The railroad played a major role in forging the history of many countries including the United States of America. The railroad began to bring people to places that before then where only accessed by weeks of dangerous travel over harsh and deadly terrain. The industrial revolution had ushered in a completely new era. The new era was one of mass production, supply and demand, and new requirements of industry. The growth of industry had created new demands for transit, trade, and more robust supply lines. The railroad boom across the U.S. had spread and proceeded to grow the economy quickly therefore, many people began using the rail roads just as quickly. The rail market continued to grow and by the 1860’s all major cities within the United States were connected by rail.
Spearman, Frank H. "The First Transcontinental Railroad." Harper's Monthly Magazine, Volume 109 2011: 711-20. Web. 29 Sept. 2013. .
Farmers began to cultivate vast areas of needed crops such as wheat, cotton, and even corn. Document D shows a picture of The Wheat Harvest in 1880, with men on earlier tractors and over 20-30 horses pulling the tractor along the long and wide fields of wheat. As farmers started to accumilate their goods, they needed to be able to transfer the goods across states, maybe from Illinios to Kansas, or Cheyenne to Ohmaha. Some farmers chose to use cattle trails to transport their goods.
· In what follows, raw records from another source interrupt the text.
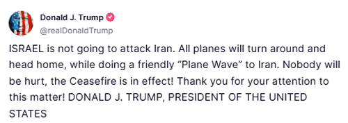 Just after the president addressed the press, Israel’s Channel 12 said IDF warplanes have launched another round of strikes against Tehran. This also just as Trump issued a new Truth Social post demanding that Israel not attack Iran. “All planes will turn around and head home,” he wrote, almost as a directive, so that “Nobody will be hurt” as “the Ceasefire is in effect!”
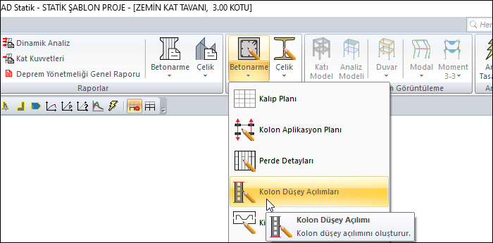 Kolon Düşey Açılımları komutu ile projenin kolon düşey açılımları oluşturulur.
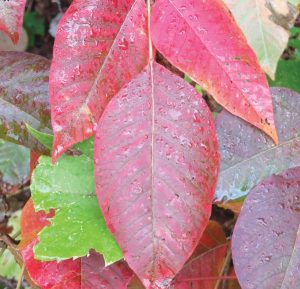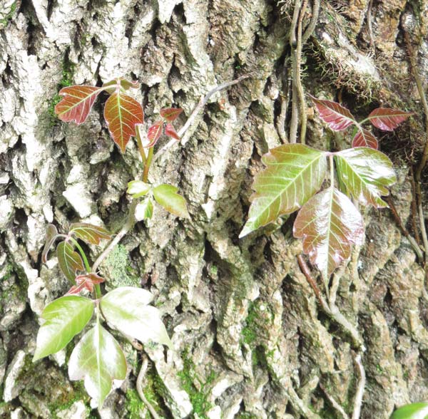 Poison ivy can take on many habits. It is usually a hairy vine that climbs up trees or anything vertical – up to 100 feet – but it can also grow as a ground cover up to 2 feet tall or as a bushy shrub up to 4 feet tall. The Latin name is Toxicodendron radicans (also listed as Rhus radicans). Of course, it is well-known for producing an annoying, itchy rash that is caused by urushiol (you-roo-shee-ol), which is a clear liquid compound in the sap of the plant. Its purpose is said to help the plant retain water.
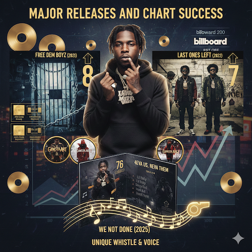 - Free Dem Boyz (2021): His fourth mixtape peaked at No. 8 on the Billboard 200. Singles like “4 Da Gang” with Roddy Ricch and “Maybach” with Future went gold.
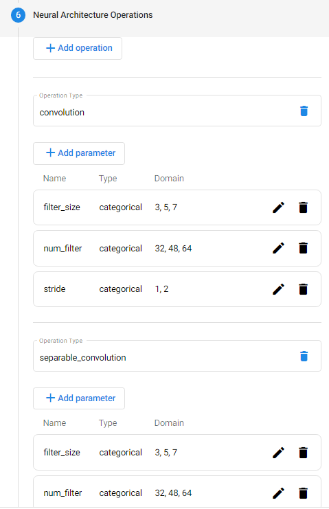 - 여섯 번째는, Neural Architecture Operations이다. NAS에서 사용되는 기본 연산을 위한, 네트워크 구조 생성 및 변경에 사용된다. 모델의 구조를 생성하기 위한 파라미터등의 가능한 후보를 정의해서, NAS에서 모델을 찾는데 활용할 수 있다.
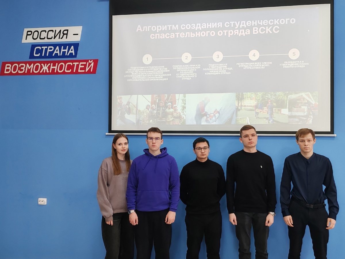 Выпуск 1: Студенческий спасательный отряд «Рубеж-46» В КГУ состоялась презентация проектных решений по созданию и развитию в университете Студенческого спасательного отряда «Рубеж-46», а также Курса прикладной безопасности «Академия защиты», в котором приняли участие заинтересованные студенты, добровольцы — члены команды проектного решения. Перед участниками встречи выступили председатель Студсовета Владимир Шабловский и ио командира студенческого спасательного отряда КГУ, руководитель проектного решения Дмитрий Мухин. Помимо концептов проектных решений студентам на встрече были представлены возможности прохождения двухнедельного обучения по программе «Первоначальная подготовка спасателей» на базе Центрального спасательного отряда Всероссийского студенческого корпуса спасателей. По результатам встречи между членами команды проектных решений были распределены функциональные обязанности, определены приоритетные направления работы и установлены сроки реализации поставленных задач.
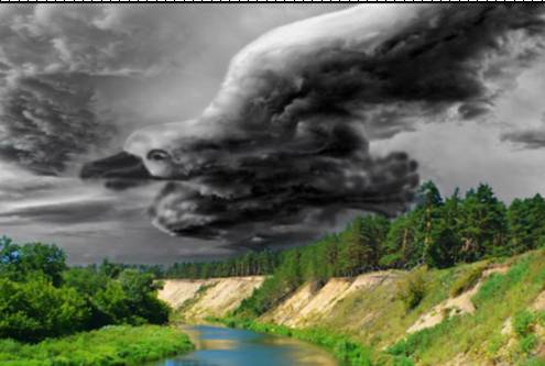 Глаза сами собой начали выделять сочетание темно-серых туч, в которых грозной чернотой выделялись крылья, голова и странный хвост.
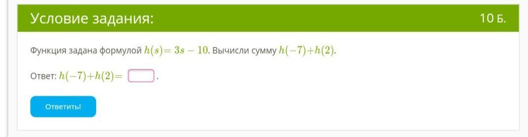 Запись h(–7) обозначает, что Вы должны подставить –7 вместо s и решить соответствующее уравнение:
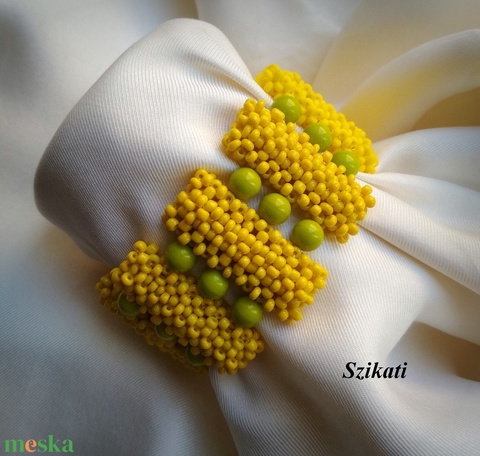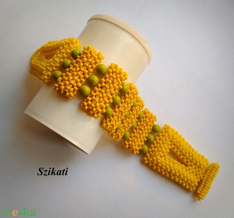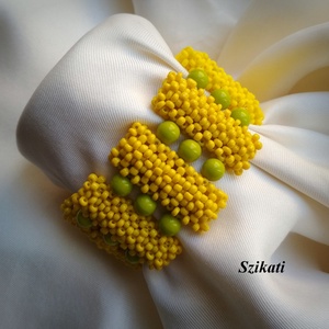 Sárga - zöld fémmentes gyöngyfűzött karkötő
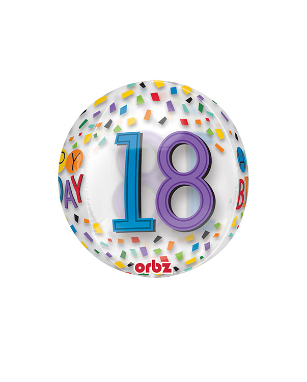 1 stk rund Orbz på 38x40cm. Disse ballongene er helt runde og gir et morsomt utrykk. Ballongen er gjennomsiktig med konfetti i ulike farger og med tallet «18». Passer perfekt til ballongbuketter, dekorasjon til fest eller som gave til en heldig 18-åring. Fyll den med luft eller helium. Bruk gjerne en ballongvekt så den ikke flyr sin vei.
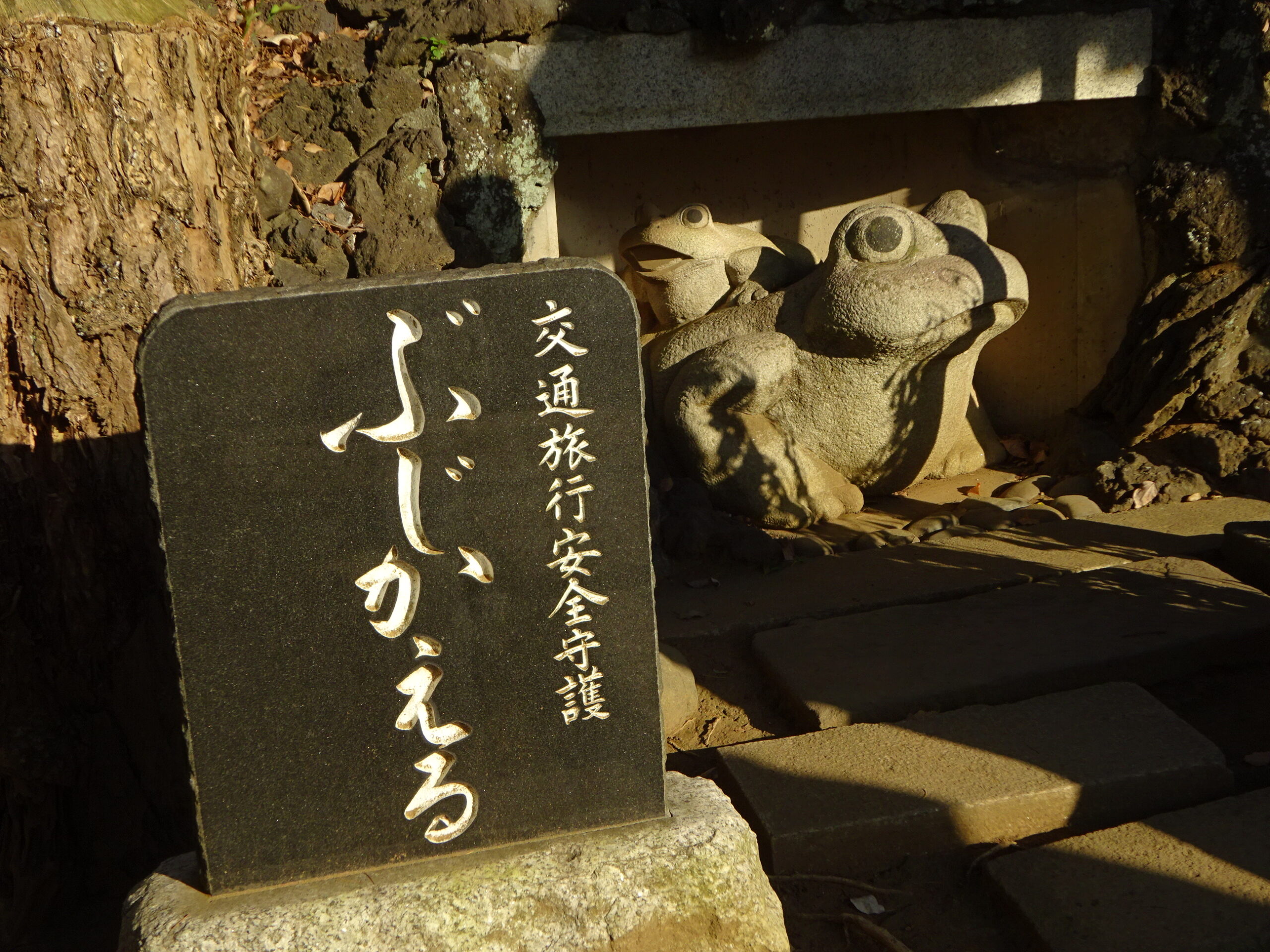 また、麓に鎮座するカエルの石像は「富士」と「かえる」をかけて「無事、帰る」という意味なんですって。
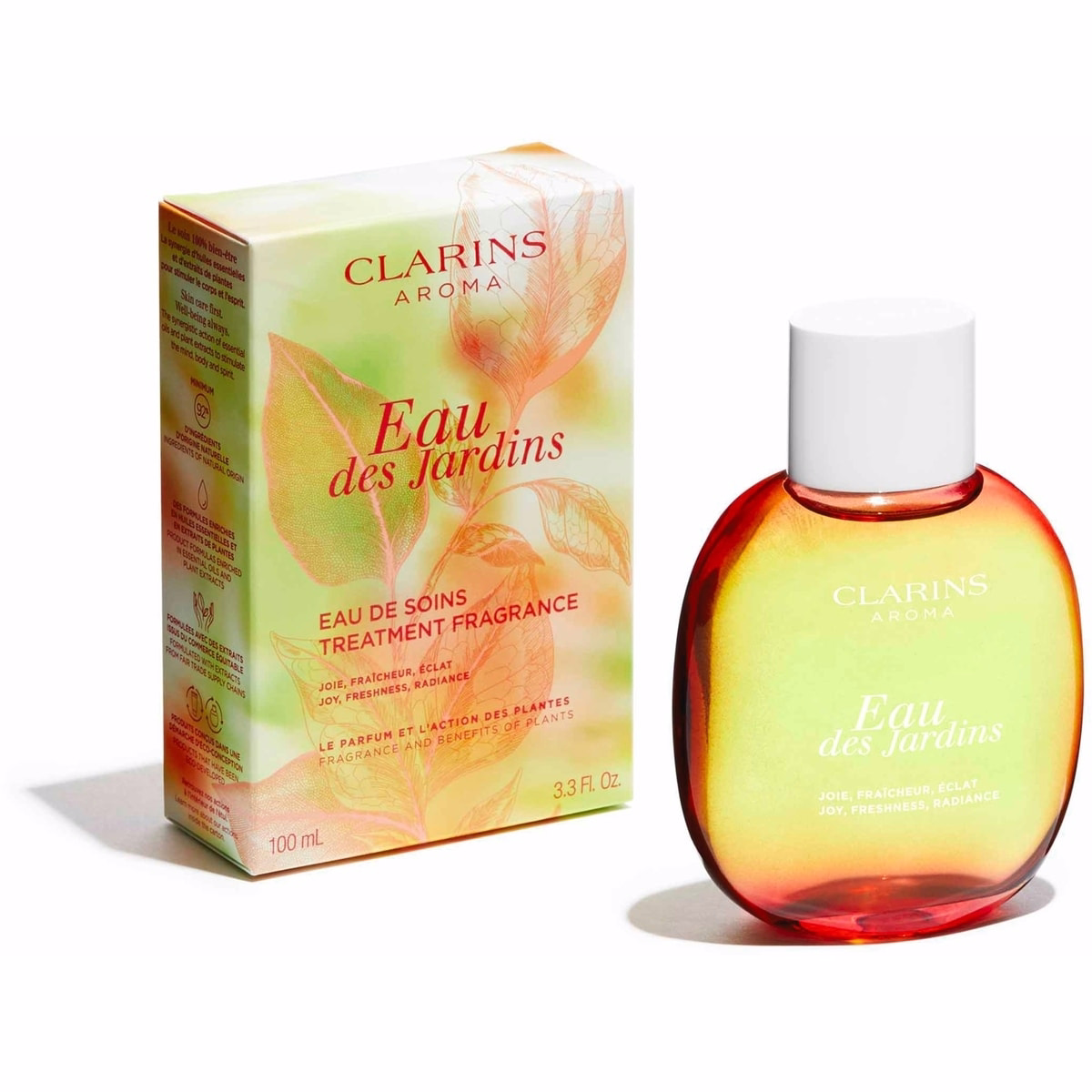 Eau des Jardins by Clarins is a floral, uplifting treatment fragrance with 93% natural ingredients. A 100 mL bottle featuring citrus top notes and a green, nature-inspired vibe for a glow-boosting, energizing experience.
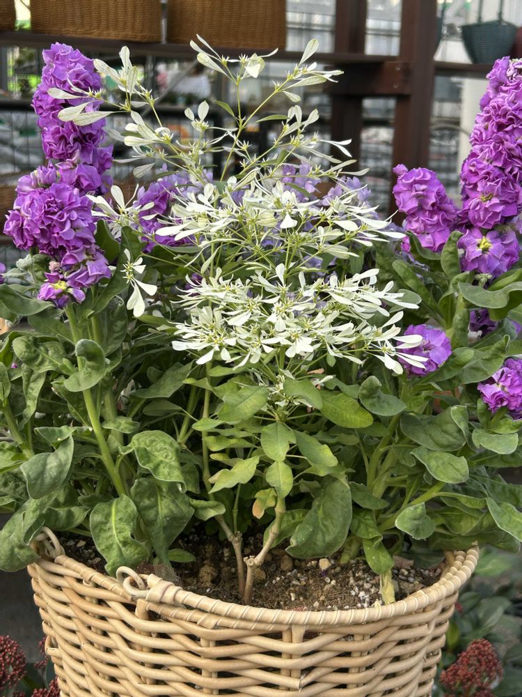 素敵な紫系のチャツネちゃんの好きそうなリースや寄せ植えのお花たちだね〜💜💙✨🥰
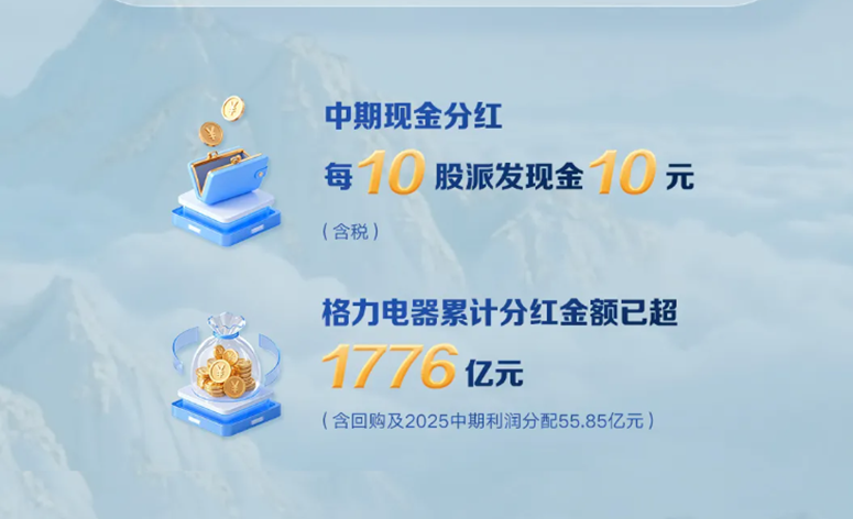 值得關(guān)注的是,格力電器始終重視股東回報(bào),近期發(fā)布了2025年中期利潤(rùn)分配預(yù)案,擬每10股派發(fā)現(xiàn)金紅利10元,共計(jì)派發(fā)現(xiàn)金紅利55.85億元。自上市以來(lái),格力電器累計(jì)分紅金額已超過1776億元,體現(xiàn)了公司對(duì)股東回報(bào)的高度重視。
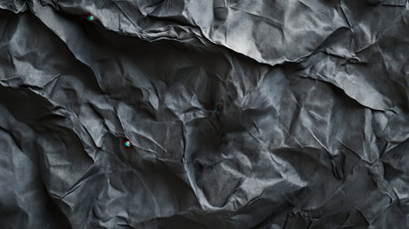 Black crumpled paper texture. Blank dark background with creases. Generative AI.
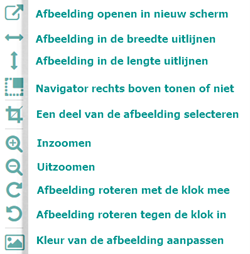 Klik (indien aanwezig) op het miniatuurtje van de afbeelding of op het detail icoon. Als er een digitaal bestand aan de beschrijving is gekoppeld, verschijnt dezelfde afbeelding veel groter op het scherm en kom je in de detailweergave terecht.
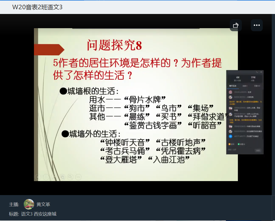 黄文革老师的语文课堂使用钉钉直播,凸显现场感、直观感、互动感、即时感等“四感”。直播中:10分钟签到、80分钟互动、10分钟运动。其中,10分钟签到。督促与融洽气氛结合,时尚音乐背景,师生互相问候,舍友相提携。提前10分钟创建直播课,给教师机会播放音乐、烘托气氛、召集学生,给学生时间签到、互相提醒、课前准备;80分钟互动。讲课与互动巩固结合,精炼语言表达,加重互动思考,减慢课堂节奏:用5分钟复习互动,将上次课涉及的文学常识设计3-6个填空题,供学生抢答得奖励;用65分钟进行新课互动,将新课的学习任务,分解为文体鉴赏常识、创作背景、作者经历、字词积累、结构梳理、佳句研磨、手法品鉴等细节、环节,每个环节皆进行讲授,辅以图片、视频旁解,穿插问答讨论、问题检测,将各环节任务一一化解,个个突破;用10分钟检测作业,钉钉群发布课堂作业,学生随堂提交,教师随堂批改,随堂纠错。

Document B demonstrates a good mapping of the major railroads in 1870 and 1890. Although cattle trails weren't used in 1890, this document shows the existent of several cattle trails leading into Chyenne, San Antonio, Kansas City and other towns nearby the named ones in 1870. So, farmers began to transport their goods by railroads, which were publically used in Germany by 1550 and migrated to the United States with the help of Colonel John Stevens in 1826. In 1890, railroads expanded not only from California, Nebraska, Utah, Wyoming and Nevada, but up along to Washington, Montana, Michigan, down to New Mexico and Arizona as well. Eastern States such as New Jersey, Tennesse, Virginia and many others were filled with existing railroads prior to 1870, as Colonel John Stevens started out his railroad revolutionzing movement in New Jersey in 1815.